Australia’s wine exports to China could take years to recover fully after any easing of steep tariffs, the head of Penfolds owner Treasury Wine Estates Ltd. said, as frosty ties between the two countries show signs of thawing.
“It’s going to take us two, three, four years to really start building up the Australian side of it again because we are not going to go back to where we were,” Chief Executive Officer Tim Ford said at an Australia-China Relations Institute event in Sydney on Tuesday evening. “This isn’t going to be a big tap that gets turned on overnight for us.”
Australian vintners have sought new buyers for their wine after China imposed heavy tariffs on the country’s wine exports in 2020, decimating what was once its most lucrative market.
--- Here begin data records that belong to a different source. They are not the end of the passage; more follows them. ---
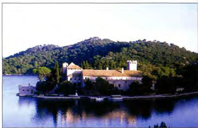
Sv. Marija otočić, samostan

U ovom samostanu bilo je sjedište Mljetske kongregacije ( Congregatio Melitensem ili Melitanam ), od njezina osnutka početkom 16. st. Prvi predsjednik bio je opat i pjesnik Mavro Vetranović Čavčić, koji je iz Rima pozvan kako bi stao na čelo Kongregacije i oživio njezine samostane. 18 U sastavu Kongregacije bila su četiri muška samostana na području Dubrovačke Republike (Sv. Mihovil na Šipanu, Sv. Andrija na morskoj pučini, Sv. Jakov kod Dubrovnika i Sv. Marija na Mljetu). Ovim se htjelo postići da samostani budu izravno pod Rimom, tj. da se izbjegne utjecaj Venecije na Dubrovačku Republiku. Sjedište Kongregacije preneseno je kasnije u Sv. Jakov kod Dubrovnika. Jedan od opata bio je pjesnik Ignjat Đurđević iz poznate dubrovačke patricijske obitelji. Spjevao je satirički ep "Suze Marunkove", u kojemu se spominju geografski pojmovi Mljeta, po čemu se vidi da su likovi vezani uz otok. 24 Kongregacija je definitivno dokinuta 1808. zauzimanjem Dubrovnika od Napoleonove vojske. Ukinućem Kongregacije raznesena je i spaljena njezina velika knjižnica i pismohrana, tako da su neki podaci nedostupni. 25 Samo mali dio sačuvan je u knjižnici Male Braće u Dubrovniku. 26 Benediktinci su umirovljeni i preseljeni u samostan Male Braće u Dubrovniku, a zgrada otada mijenja vlasnike. Mljetski statut odnesen je u Beč, a u zgradi samostana obitavala je Austrijska šumska uprava do kraja I svj. ra-
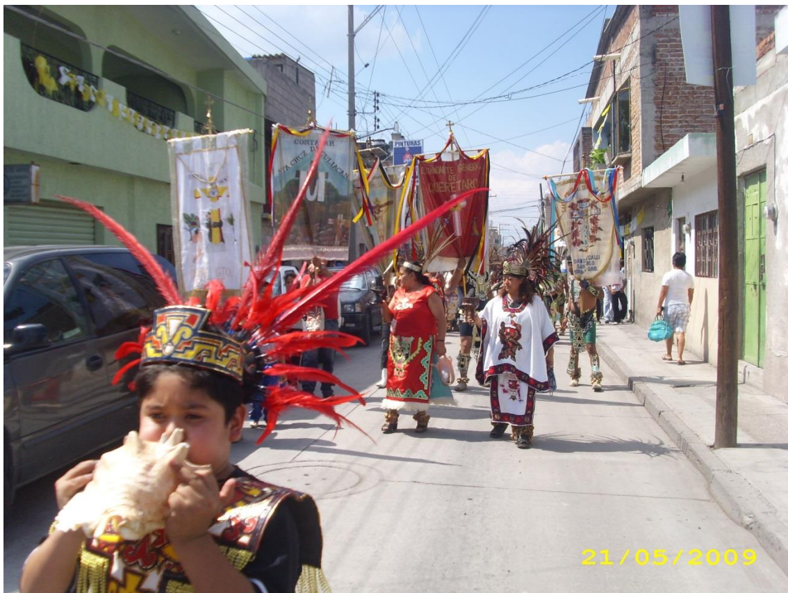
Procurarnos 3 El llamado, nos convoca y advierte del camino que se va construyendo, en cada cruce con los otros caminos, para no chocar, para seguir caminando (Cortazar, 2009, Archivo personal,)
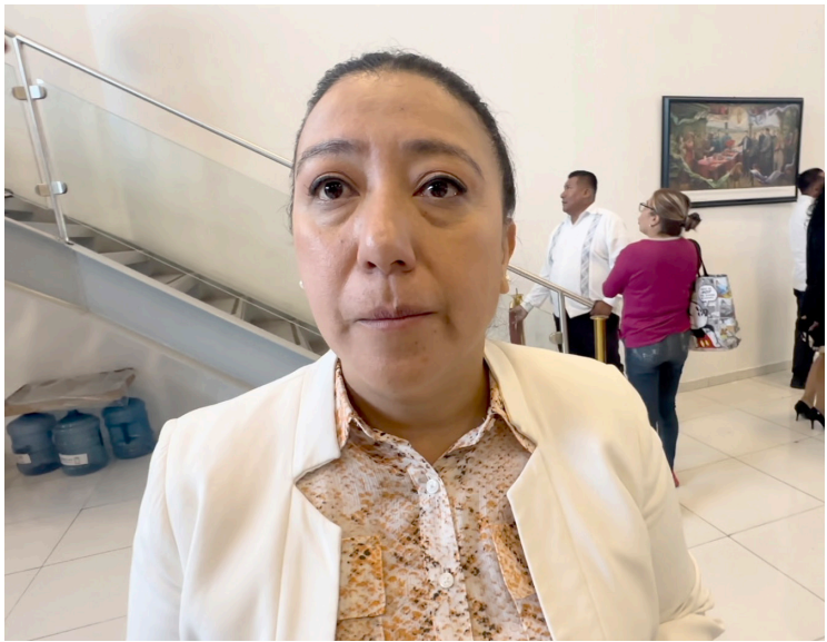
EN LAS ESCUELAS ubicadas en Cuernavaca, Temixco, Huitzilac y Jiutepec, son las que reportan una mayor venta y consumo de drogas, informó el Tribunal Unitario de Justicia para Adolescentes.

"Por lo menos nos han hecho reportes en Temixco, en Huitzilac, en Cuernavaca, en Jiutepec, pero en realidad prácticamente en todos los municipios que hemos visitado hay por lo menos una escuela en donde se han hecho reportes de esta naturaleza", dijo. Pineda Fernández concluyó, al mencionar que las principales drogas que consumen los menores en el estado son la marihuana y el cristal, por lo que continuarán con estas pláticas de prevención.

The US and UK are now their biggest export markets, though sales to both countries declined in the year to the end of March as the global economic slowdown and increased competition hurt demand, according to Wine Australia data.
Ford said Treasury Wine will maintain the export diversification it’s built since China’s curbs, saying the company has worked too hard to build its brands elsewhere “to turn that off overnight.” At the same time, he assured that while the company doesn’t have stockpiles of A$100-plus ($67-plus) wines, it can resume supplying brands worth A$30 to China “pretty quickly” should the status of tariffs improve.
Relations between China and Australia that soured three years ago following a call by then-Prime Minister Scott Morrison for an international investigation into Covid-19 have been steadily improving in the government of Prime Minister Anthony Albanese. The countries’ trade ministers held their first in-person talks since 2019 in Beijing last week, with Australian Trade Minister Don Farrell saying he’s optimistic of having the steep tariffs on wine and barley lifted by the end of the year. Australia’s coal shipments to China have resumed.
Ford was part of the delegation of Australian business leaders who visited Beijing in the past month. While there was no indication of when the tariffs would be lifted, former customers in China were already asking how Treasury Wine might re-enter the market, he said.
“It was really ‘we don’t know when things are going to change, but when they do, what’s your commitment going to be?’ Ford said. “It was quite a remarkable shift in their mentality.”